Why It Took Vermeer 191 Years To Get Famous

Or, how did artists “go viral” before the internet?

Mary Rose
9 min readFeb 27, 2024

When I teach my Art History survey, my students are often shocked to hear that an artist like Johannes Vermeer wasn’t especially famous during his lifetime. Even if they don’t know his name, most of them have seen Vermeer’s Girl with a Pearl Earring before. It’s been called the Dutch Mona Lisa, it’s the basis for the famous Tracy Chevalier novel (and subsequent movie adaptation starring Scarlet Johansson and Colin Firth), and it has prompted endless riffs and memes.

Girl with a Pearl Earring, Johannes Vermeer, c. 1665, oil on canvas, 44.5 x 39 cm via the Mauritshuis

And yet the painter, Johannes Vermeer, was not particularly famous during his day.

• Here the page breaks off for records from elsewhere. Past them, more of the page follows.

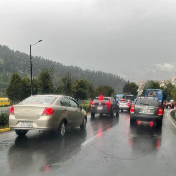 En la autopista General Rumiñahui circulan miles de vehículos en medio de la lluvia. ( )
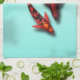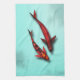 Comportant une paire avec éclat de couleur poissons rouges et oranges de Koi, flottant serein au-dessus d'un arrière - plan bleu vert pâle.
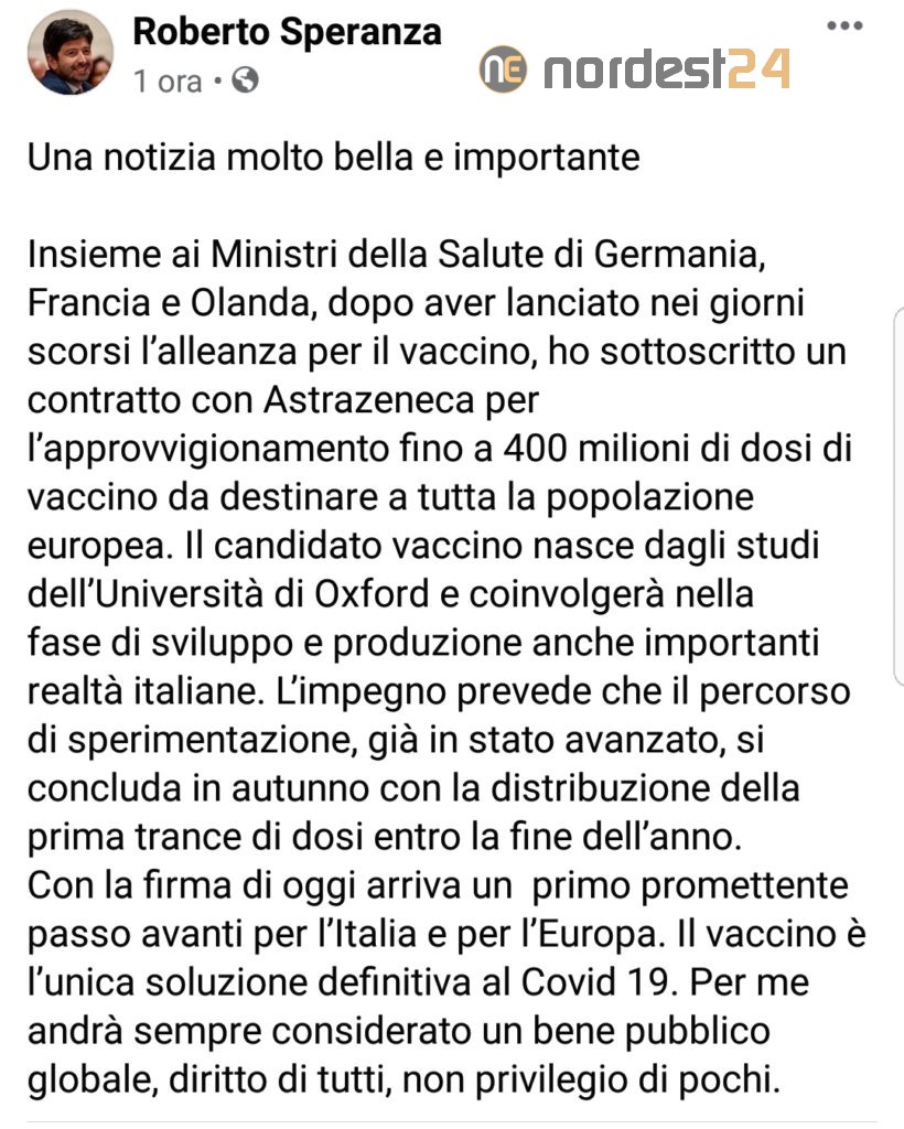 "Insieme ai Ministri della Salute di Germania, Francia e Olanda, dopo aver lanciato nei giorni scorsi l’alleanza per il vaccino, ho sottoscritto un contratto con Astrazeneca per l’approvvigionamento fino a 400 milioni di dosi di vaccino da destinare a tutta la popolazione europea. Il candidato vaccino nasce dagli studi dell’Università di Oxford e coinvolgerà nella
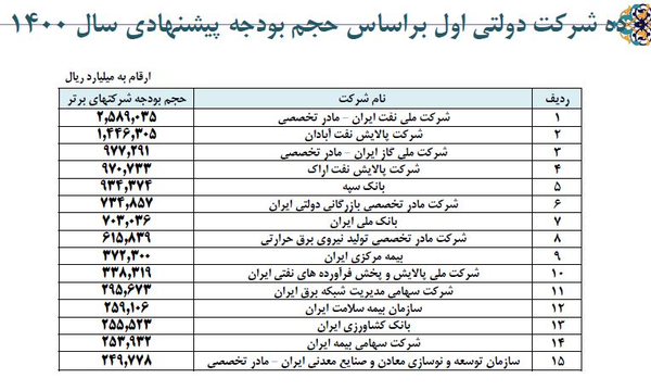 براساس اطلاعات جدول فوق، مجموع پرسنل نه بانک دولتی، 111 هزار و 758 نفر هستند و این افراد به صورت متوسط (میانگین وزنی) در سال آینده، 16 میلیون و 800 هزار تومان در ماه دریافتی دارند *سه بانک دولتی در بین ۱۵ شرکت بزرگ دولتی از لحاظ حجم بودجه سازمان برنامه و بودجه گزارش داد: بانک سپه بر اساس حجم بودجه پیشنهادی سال ۱۴۰۰ به عنوان پنجمین شرکت دولتی محسوب می شود که حجم بودجه آن بالغ بر ۹۳ هزار و ۴۳۰ میلیارد تومان است. بانک ملی نیز در جایگاه هفتم قرار گرفته که حجم بودجه آن ۷۰ هزار و ۳۰۳ میلیارد تومان پیش بینی میشود. بانک کشاورزی هم جایگاه سیزدهم این جدول با ۲۵ هزار و ۵۵۲ میلیارد تومان به خود اختصاص داد. *چند بانک دولتی در دو سال اخیر زیانده بوده اند؟ براساس بررسی های دیوان محاسبات، علیرغم سودده بودن تعداد 5 بانک دولتی و سربهسر بودن تعداد 3 بانک و زیان ده بودن 1 بانک در بودجه پیشنهادی سال 1400 ، عملکرد سال 1398 و شش ماهه اول سال 1399 بانکها طبق گزارش ارائه شده حاکی از زیانده بودن به ترتیب تعداد 3 و 6 بانک در سالهای مذکور در این بخش میباشد.
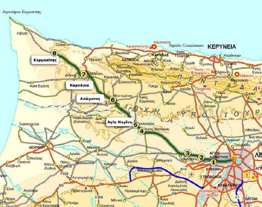 Мы едем из Керинии в западном направлении. Вдоль дороги — типичная средиземноморская застройка: от совсем скромных старых домиков довоенной постройки до новых вилл и отелей в стиле “псевдо-ампир”, “псевдо-барокко”, “псевдо-колониализм”.
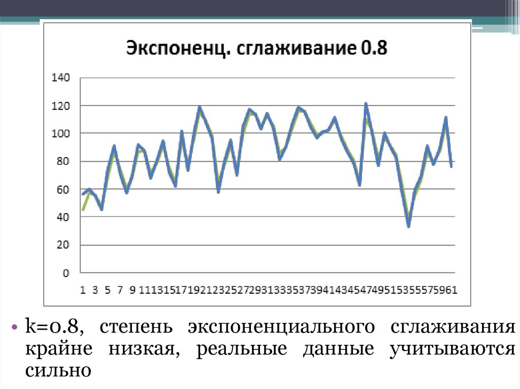• k=0.8, степень экспоненциального сглаживаниякрайне низкая, реальные данные учитываются

Although he was documented in a few travel journals and he was nominated to be the head of the guild of St. Luke in Delft twice, he did not achieve the same kind of fame as his contemporaries like Rembrandt. Certainly after his death, he fell into virtual obscurity until his rediscovery first by Jean-Baptiste Pierre Le Brun in 1792 and then by Théophile Thoré-Bürger in 1866.

How could it be that an artist as famous as Vermeer is today could have been relatively obscure?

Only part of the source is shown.